In the wake of economic liberalization, the concept of contract farming in which national or multinational companies enter into contracts for marketing of the horticultural produce and also provide technologies and capital to contract farmers has gained importance. According to this, bipartie agreements are made between the farmer and the company and the latter contributes directly to the management of the farm through input supply as well as technical guidance and also markets the produce. The main features of this type of contract farming are that selected crops are grown by farmers under a buy back agreement with an agency engaged in trading or processing. In such cases, the centralized processing and marketing agencies supply technology and resources, including planting materials and occasional crop supervision. Under such contracts, the farmer assumes the production related risks, which the price risk is transferred to the company.

In some cases, the company also bears the production risk, depending on the stage of crop growth at which the contract is made.If the contract is made at flowering or fruiting stage, the company bears the production risks also. In any case, the company bears the entire costs of transaction and marketing. It is this variant of contract farming which is said to be one of the ways by which small farmers can participate in the production of high value crops like fruits, vegetables, flowers etc. and benefit from market led growth. Land Leasing: There are three different types of leases- A. Crop Share Lease Advantages Both landowner and tenant can enjoy more of a true partnership and better communication when they use this type of lease. There is a higher potential for revenue, and the landowner is more involved with the decisions regarding production, purchasing, and marketing. Tenants can enjoy a fair “rent paid” since this lease is production-based, and the costs are typically split. The landowner will also share the risk with the tenant. Disadvantages This sort of lease is kind of difficult to navigate as both landowner and tenant will need to track the costs, FSA paperwork, and more. Landowner and tenant alike will have to work together to make certain decisions together and agree on crop share splits, which may be tough if they have different ideas and philosophies, and determining the costs for drying, transporting, and storing crops can be problematic. Landowners may also be unsure of the amount of money they will receive each year as they are sharing in the risk, and there is always a potential to make less if there are poor yields or a downturn in market prices (or both). Tenants could end up paying more here than in the other lease types, and the FSA payment is shared with landowner.
B. Straight Cash Lease.

Advantages: This sort of lease is the simplest of all and allows for the easiest budgeting. Landowners have virtually no risk; they have the highest guaranteed income, and they are relieved of virtually all decisions except for terms of the lease and capital improvements. Tenants can enjoy the freedom to make any and all cropping and production decisions and not so much recordkeeping. They also will receive all of the FSA direct payments.  Disadvantages: A fair lease is hard to determine with volatility in grain markets and input prices and perhaps should be determined annually. Cash rents are likely to be too low in times of rising prices and increasing yields, and too high in times of decreasing/low prices or yields. Landowners also have the least amount of control and involvement in this type of lease. Their soil conservation efforts cannot be expenses, and they must be capitalized into the value of the land.
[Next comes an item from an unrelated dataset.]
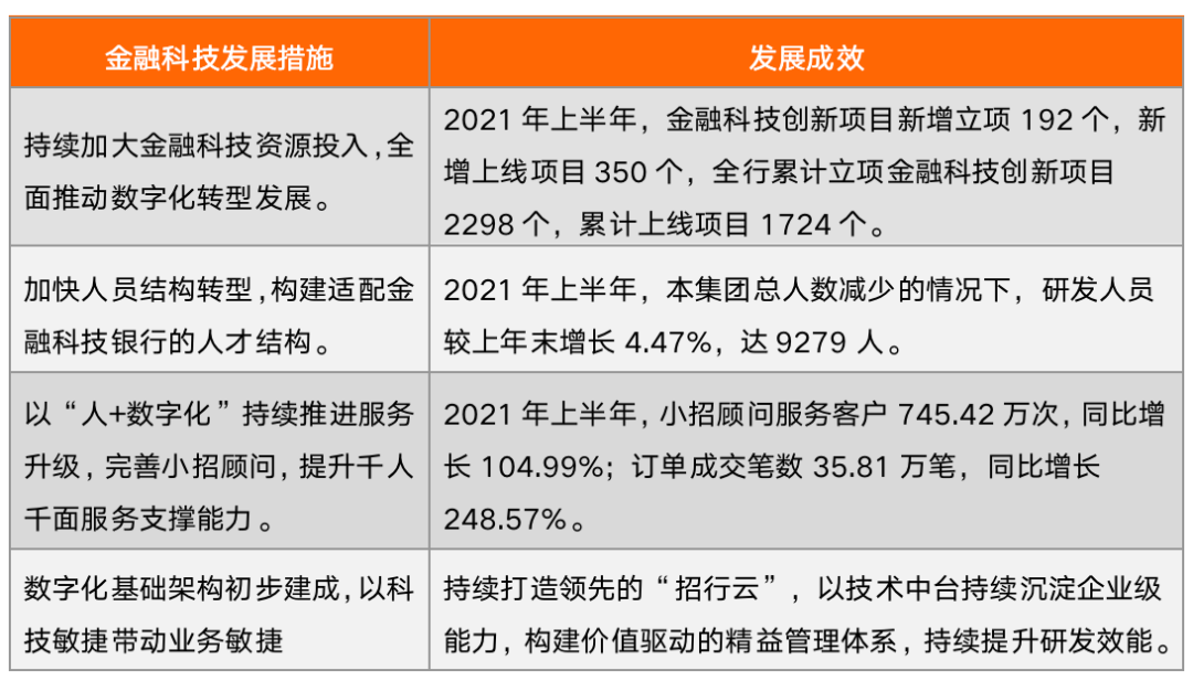 表 1:2021年招商銀行金融科技發(fā)展措施與成效

Tenants have a decent likelihood of overpaying or underpaying for the land and assume virtually all risk. They also usually require more working capital if the rents are due at the beginning of the cropping season.
C. Flex Lease

Advantages The rent that is paid and received is in direct proportion to the yields received or the market prices available or both. This lease is also simpler than the crop share lease and provides the

opportunity for longer term leases as the need to renegotiate the rent as frequently to make sure it is fair is eliminated. Landowners have a guaranteed income component and even the potential for an increased income. While they share in some of the risk, the risk is usually fairly limited. Tenants have the freedom to make all the cropping and production decisions and don’t bear all of the risks alone. This lease also improves working capital positions since the flex portion of the rent paycheck isn’t paid until harvest.
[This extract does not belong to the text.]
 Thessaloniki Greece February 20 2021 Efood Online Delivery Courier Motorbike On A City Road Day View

Disadvantages Landowners and tenants must agree on the base amount and method to determine the “flex amount” or bonus, and verifying the accuracy of the yields can prove to be difficult. Landowners may not know how much they’ll receive each year, and the guaranteed revenue is not as high for landowners. There is also a certain amount of tracking that may be necessary for the landowner to do. For tenants, there is a possible risk of base rent being over the amount determined by yields or market prices, and flex leases based only on yields or only on market prices can actually increase the tenant’s risk.

4.How can the Digital India program help farmers to improve farm productivity and income? What step has the government taken in this regard?
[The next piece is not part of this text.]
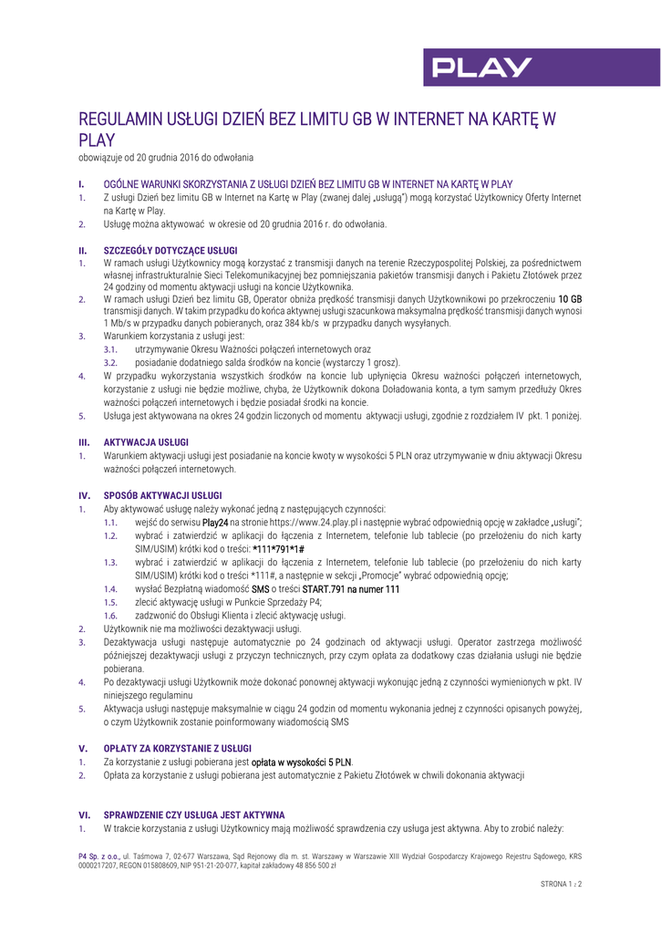REGULAMIN USŁUGI DZIEŃ BEZ LIMITU GB W INTERNET NA KARTĘ W PLAY obowiązuje od 20 grudnia 2016 do odwołania I. OGÓLNE WARUNKI SKORZYSTANIA Z USŁUGI DZIEŃ BEZ LIMITU GB W INTERNET NA KARTĘ W PLAY 1. Z usługi Dzień bez limitu GB w Internet na Kartę w Play (zwanej dalej „usługą”) mogą korzystać Użytkownicy Oferty Internet na Kartę w Play. Usługę można aktywować w okresie od 20 grudnia 2016 r. do odwołania. 2. II. 1. 2. 3. 4. 5. III. 1. IV. 1. 2. 3. 4. 5. V. 1. 2. VI. 1. SZCZEGÓŁY DOTYCZĄCE USŁUGI W ramach usługi Użytkownicy mogą korzystać z transmisji danych na terenie Rzeczypospolitej Polskiej, za pośrednictwem własnej infrastrukturalnie Sieci Telekomunikacyjnej bez pomniejszania pakietów transmisji danych i Pakietu Złotówek przez 24 godziny od momentu aktywacji usługi na koncie Użytkownika. W ramach usługi Dzień bez limitu GB, Operator obniża prędkość transmisji danych Użytkownikowi po przekroczeniu 10 GB transmisji danych. W takim przypadku do końca aktywnej usługi szacunkowa maksymalna prędkość transmisji danych wynosi 1 Mb/s w przypadku danych pobieranych, oraz 384 kb/s w przypadku danych wysyłanych. Warunkiem korzystania z usługi jest: 3.1. utrzymywanie Okresu Ważności połączeń internetowych oraz 3.2. posiadanie dodatniego salda środków na koncie (wystarczy 1 grosz). W przypadku wykorzystania wszystkich środków na koncie lub upłynięcia Okresu ważności połączeń internetowych, korzystanie z usługi nie będzie możliwe, chyba, że Użytkownik dokona Doładowania konta, a tym samym przedłuży Okres ważności połączeń internetowych i będzie posiadał środki na koncie. Usługa jest aktywowana na okres 24 godzin liczonych od momentu aktywacji usługi, zgodnie z rozdziałem IV pkt. 1 poniżej. AKTYWACJA USŁUGI Warunkiem aktywacji usługi jest posiadanie na koncie kwoty w wysokości 5 PLN oraz utrzymywanie w dniu aktywacji Okresu ważności połączeń internetowych. SPOSÓB AKTYWACJI USŁUGI Aby aktywować usługę należy wykonać jedną z następujących czynności: 1.1. wejść do serwisu Play24 na stronie https://www.24.play.pl i następnie wybrać odpowiednią opcję w zakładce „usługi”; 1.2. wybrać i zatwierdzić w aplikacji do łączenia z Internetem, telefonie lub tablecie (po przełożeniu do nich karty SIM/USIM) krótki kod o treści: *111*791*1# 1.3. wybrać i zatwierdzić w aplikacji do łączenia z Internetem, telefonie lub tablecie (po przełożeniu do nich karty SIM/USIM) krótki kod o treści *111#, a następnie w sekcji „Promocje” wybrać odpowiednią opcję; 1.4. wysłać Bezpłatną wiadomość SMS o treści START.791 na numer 111 1.5. zlecić aktywację usługi w Punkcie Sprzedaży P4; 1.6. zadzwonić do Obsługi Klienta i zlecić aktywację usługi. Użytkownik nie ma możliwości dezaktywacji usługi. Dezaktywacja usługi następuje automatycznie po 24 godzinach od aktywacji usługi. Operator zastrzega możliwość późniejszej dezaktywacji usługi z przyczyn technicznych, przy czym opłata za dodatkowy czas działania usługi nie będzie pobierana. Po dezaktywacji usługi Użytkownik może dokonać ponownej aktywacji wykonując jedną z czynności wymienionych w pkt. IV niniejszego regulaminu Aktywacja usługi następuje maksymalnie w ciągu 24 godzin od momentu wykonania jednej z czynności opisanych powyżej, o czym Użytkownik zostanie poinformowany wiadomością SMS OPŁATY ZA KORZYSTANIE Z USŁUGI Za korzystanie z usługi pobierana jest opłata w wysokości 5 PLN. Opłata za korzystanie z usługi pobierana jest automatycznie z Pakietu Złotówek w chwili dokonania aktywacji SPRAWDZENIE CZY USŁUGA JEST AKTYWNA W trakcie korzystania z usługi Użytkownicy mają możliwość sprawdzenia czy usługa jest aktywna. Aby to zrobić należy: P4 Sp. z o.o., ul. Taśmowa 7, 02-677 Warszawa, Sąd Rejonowy dla m. st. Warszawy w Warszawie XIII Wydział Gospodarczy Krajowego Rejestru Sądowego, KRS 0000217207, REGON 015808609, NIP 951-21-20-077, kapitał zakładowy 48 856 500 zł STRONA 1 Z 2 wybrać i zatwierdzić w aplikacji do łączenia z Internetem, telefonie lub tablecie (po przełożeniu do nich karty SIM/USIM) krótki kod o treści: *111*791*3# 1.2. wysłać Bezpłatną wiadomość SMS o treści: STATUS.791 W trakcie korzystania z usługi Użytkownicy mogą sprawdzić do kiedy usługa jest aktywna. Aby to zrobić należy: 2.1. wybrać i zatwierdzić w aplikacji do łączenia z Internetem, telefonie lub tablecie (po przełożeniu do nich karty SIM/USIM) krótki kod o treści: *107# 1.1. 2. VII. 1. SPRAWDZENIE OPISU USŁUGI Przed aktywacją usługi, Użytkownicy mają możliwość sprawdzenia opisu usługi. Aby to zrobić należy: 1.1. wybrać i zatwierdzić w aplikacji do łączenia z Internetem, telefonie lub tablecie (po przełożeniu do nich karty SIM/USIM) krótki kod o treści: *111*791*3# 1.2. wysłać Bezpłatną wiadomość SMS o treści INFO.791 VIII. DODATKOWE INFORMACJE 1. Skorzystanie z niniejszej Oferty Promocyjnej nie wyklucza równoczesnego korzystania z innych Ofert Promocyjnych, chyba że warunki innych Ofert Promocyjnych stanowią inaczej. 2. Operator zastrzega sobie prawo do odwołania niniejszego regulaminu w każdym czasie bez podawania przyczyny, z zastrzeżeniem, że odwołanie nie wpływa na prawa i obowiązki uprzednio nabyte przez Użytkownika. Informacja o odwołaniu niniejszego regulaminu zostanie opublikowana na www.play.pl lub w inny sposób podana do wiadomości publicznej. 3. Wszelkie wyrazy lub wyrażenia wpisane w treści niniejszej Oferty Promocyjnej dużą literą należy rozumieć zgodnie z ich definicją zawartą odpowiednio w Regulaminie świadczenia Usług Telekomunikacyjnych dostępu do Internetu przez P4 sp. z o.o. dla Użytkowników lub Cenniku Oferty Internet na Kartę w Play. W zakresie nieuregulowanym niniejszą Ofertą Promocyjną zastosowanie będzie miał odpowiednio Regulamin świadczenia Usług Telekomunikacyjnych dostępu do Inter

Government’s “Digital India” project launched on 1st July 2015 envisions empowering citizens with e-access to government services and livelihood related services, among others. The project has three core components, viz. digital infrastructure, digital services and digital literacy. Mobile phone is the preferred delivery medium with focus on mGovernance and mServices. The mAgriculture and mGramBazar, out of the seven components covered under mServices, directly impact agricultural extension and marketing services. The project will benefit small farmers. It seeks to

[i] Transform rural India into a digitally-empowered knowledge economy

[ii]Provide universal phone connectivity and access to broadband in 250,000 villages

[iii] Extend timely services to farmers through information technology and its tools

[iv] Enhance efficiency in agricultural governance through digital literacy and electronic delivery of services. This article briefly highlights government’s initiatives and suggests the need for harnessing potential of digital India for agricultural development.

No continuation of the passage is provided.